The same public key formatted for use in Secure Shell (RFC 4716 - The Secure Shell (SSH) Public Key File Format):

---- BEGIN SSH2 PUBLIC KEY ----
AAAAB3NzaC1yc2EAAAABJQAAAQB/nAmOjTmezNUDKYvEeIRf2YnwM9/uUG1d0BYs
c8/tRtx+RGi7N2lUbp728MXGwdnL9od4cItzky/zVdLZE2cycOa18xBK9cOWmcKS
0A8FYBxEQWJ/q9YVUgZbFKfYGaGQxsER+A0w/fX8ALuk78ktP31K69LcQgxIsl7r
NzxsoOQKJ/CIxOGMMxczYTiEoLvQhapFQMs3FL96didKr/QbrfB1WT6s3838SEaX
fgZvLef1YB2xmfhbT9OXFE3FXvh2UPBfN+ffE7iiayQf/2XR+8j4N4bW30DiPtOQ
LGUrH1y5X/rpNZNlWW2+jGIxqZtgWg7lTy3mXy5x836Sj/6L
---- END SSH2 PUBLIC KEY ----

The same public key formatted as an RSA public key (note the five -, and no space):

The hex dump of the base-64 encoded data:

00 00 00 07 73 73 68 2d 72 73 61 00 00 00 01 25 00 00 01 00 7f 9c 09
8e 8d 39 9e cc d5 03 29 8b c4 78 84 5f d9 89 f0 33 df ee 50 6d 5d d0 
16 2c 73 cf ed 46 dc 7e 44 68 bb 37 69 54 6e 9e f6 f0 c5 c6 c1 d9 cb
f6 87 78 70 8b 73 93 2f f3 55 d2 d9 13 67 32 70 e6 b5 f3 10 4a f5 c3 
96 99 c2 92 d0 0f 05 60 1c 44 41 62 7f ab d6 15 52 06 5b 14 a7 d8 19 
a1 90 c6 c1 11 f8 0d 30 fd f5 fc 00 bb a4 ef c9 2d 3f 7d 4a eb d2 dc 
42 0c 48 b2 5e eb 37 3c 6c a0 e4 0a 27 f0 88 c4 e1 8c 33 17 33 61 38 
84 a0 bb d0 85 aa 45 40 cb 37 14 bf 7a 76 27 4a af f4 1b ad f0 75 59 
3e ac df cd fc 48 46 97 7e 06 6f 2d e7 f5 60 1d b1 99 f8 5b 4f d3 97 
14 4d c5 5e f8 76 50 f0 5f 37 e7 df 13 b8 a2 6b 24 1f ff 65 d1 fb c8 
f8 37 86 d6 df 40 e2 3e d3 90 2c 65 2b 1f 5c b9 5f fa e9 35 93 65 59 
6d be 8c 62 31 a9 9b 60 5a 0e e5 4f 2d e6 5f 2e 71 f3 7e 92 8f fe 8b

i've read that there are a couple of formats:

Key data may be encoded in three general ways:

Binary DER-encoded format.

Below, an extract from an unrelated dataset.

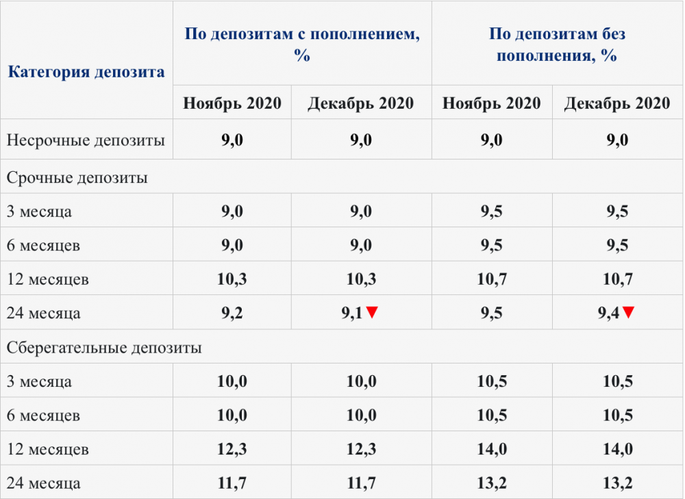 "Ставка по срочным депозитам на 24 месяца продолжает тенденцию плавного снижения в результате сокращения фактических рыночных ставок банков. Максимальные рекомендуемые ставки по данной категории депозитов с правом пополнения составят 9,1 процента, а без права пополнения – 9,4 процента. Очередное снижение отражает низкую заинтересованность банков в данных видах вкладов, которые по своим условиям для вкладчиков не имеют выраженного различия со срочными вкладами на другие сроки", – говорится в сообщении.

This is sometimes called ASN.1 BER-encoded

PEM or base64 format. This is the same data as the DER-encoded file but it is encoded in base64 with additional header and footer lines

XML format.

If it's ASN.1, the hex certainly doesn't look like it.

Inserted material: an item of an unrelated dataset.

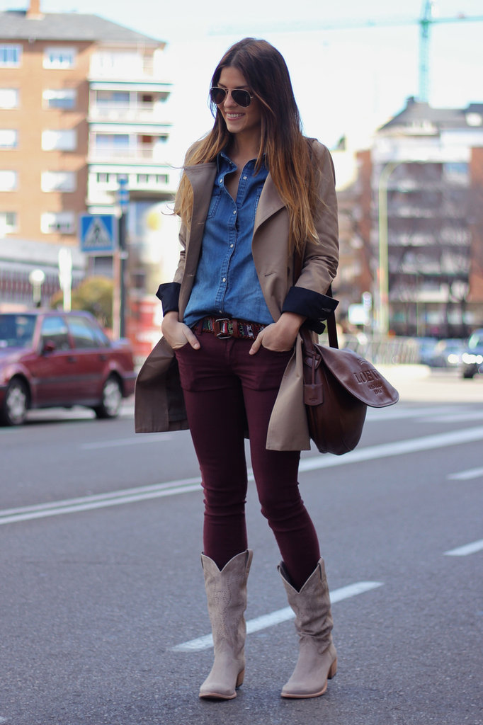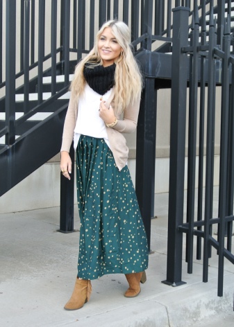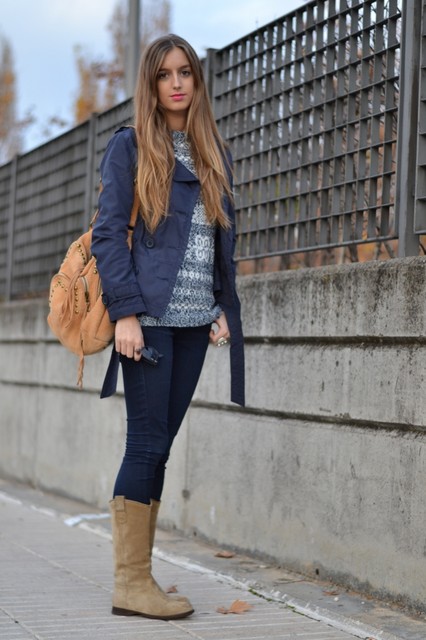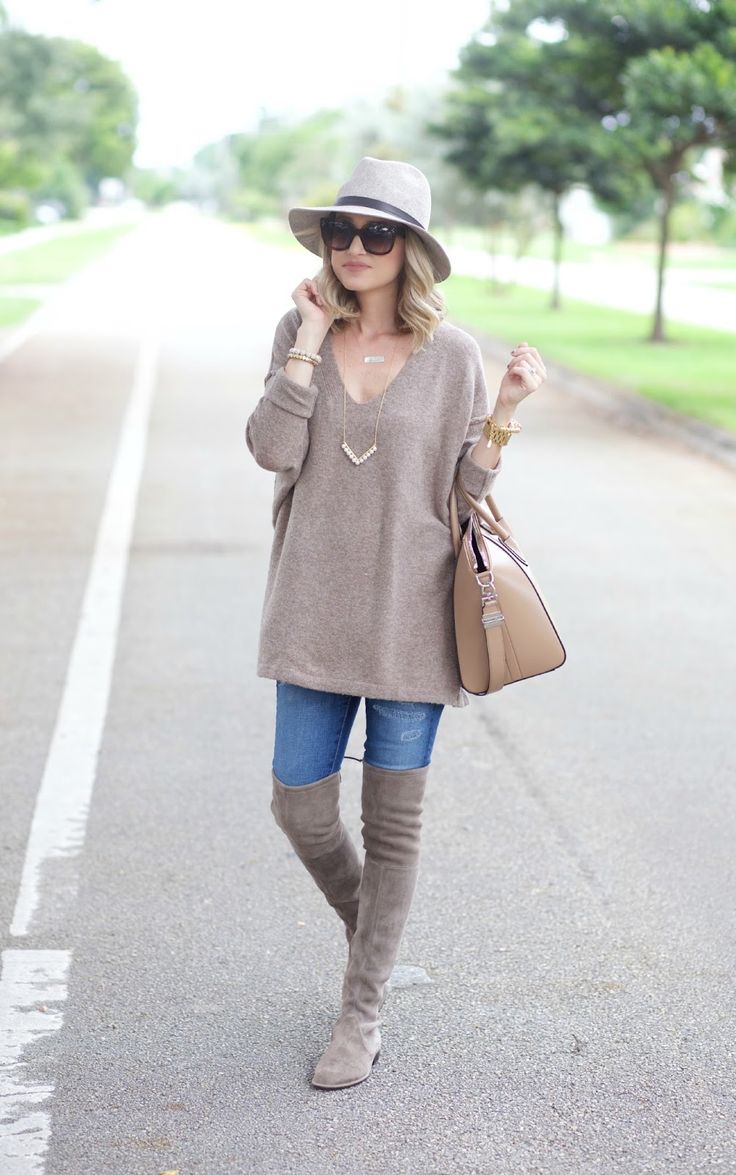 The most successful will be an outfit in which skin-tight jeans tucked into the inside of women's boots. Upstairs you can wear a light shirt, a charming blouse or a warm blouse. The bag of neutral color and light scarf perfectly complement and decorate a stylish look.

What's the format of an RSA public key?

7f 9c 09 8e 8d 39 9e cc d5 03 29 8b c4 78 84 5f
d9 89 f0 33 df ee 50 6d 5d d0 16 2c 73 cf ed 46 
dc 7e 44 68 bb 37 69 54 6e 9e f6 f0 c5 c6 c1 d9 
cb f6 87 78 70 8b 73 93 2f f3 55 d2 d9 13 67 32 
70 e6 b5 f3 10 4a f5 c3 96 99 c2 92 d0 0f 05 60 
1c 44 41 62 7f ab d6 15 52 06 5b 14 a7 d8 19 a1 
90 c6 c1 11 f8 0d 30 fd f5 fc 00 bb a4 ef c9 2d 
3f 7d 4a eb d2 dc 42 0c 48 b2 5e eb 37 3c 6c a0 
e4 0a 27 f0 88 c4 e1 8c 33 17 33 61 38 84 a0 bb 
d0 85 aa 45 40 cb 37 14 bf 7a 76 27 4a af f4 1b 
ad f0 75 59 3e ac df cd fc 48 46 97 7e 06 6f 2d 
e7 f5 60 1d b1 99 f8 5b 4f d3 97 14 4d c5 5e f8 
76 50 f0 5f 37 e7 df 13 b8 a2 6b 24 1f ff 65 d1 
fb c8 f8 37 86 d6 df 40 e2 3e d3 90 2c 65 2b 1f 
5c b9 5f fa e9 35 93 65 59 6d be 8c 62 31 a9 9b 
60 5a 0e e5 4f 2d e6 5f 2e 71 f3 7e 92 8f fe 8b

The closest validation of my theory i can find it from RFC 4253:

The "ssh-rsa" key format has the following specific encoding:
  string    "ssh-rsa"
  mpint     e
  mpint     n
Here the 'e' and 'n' parameters form the signature key blob.

But it doesn't explain the length prefixes.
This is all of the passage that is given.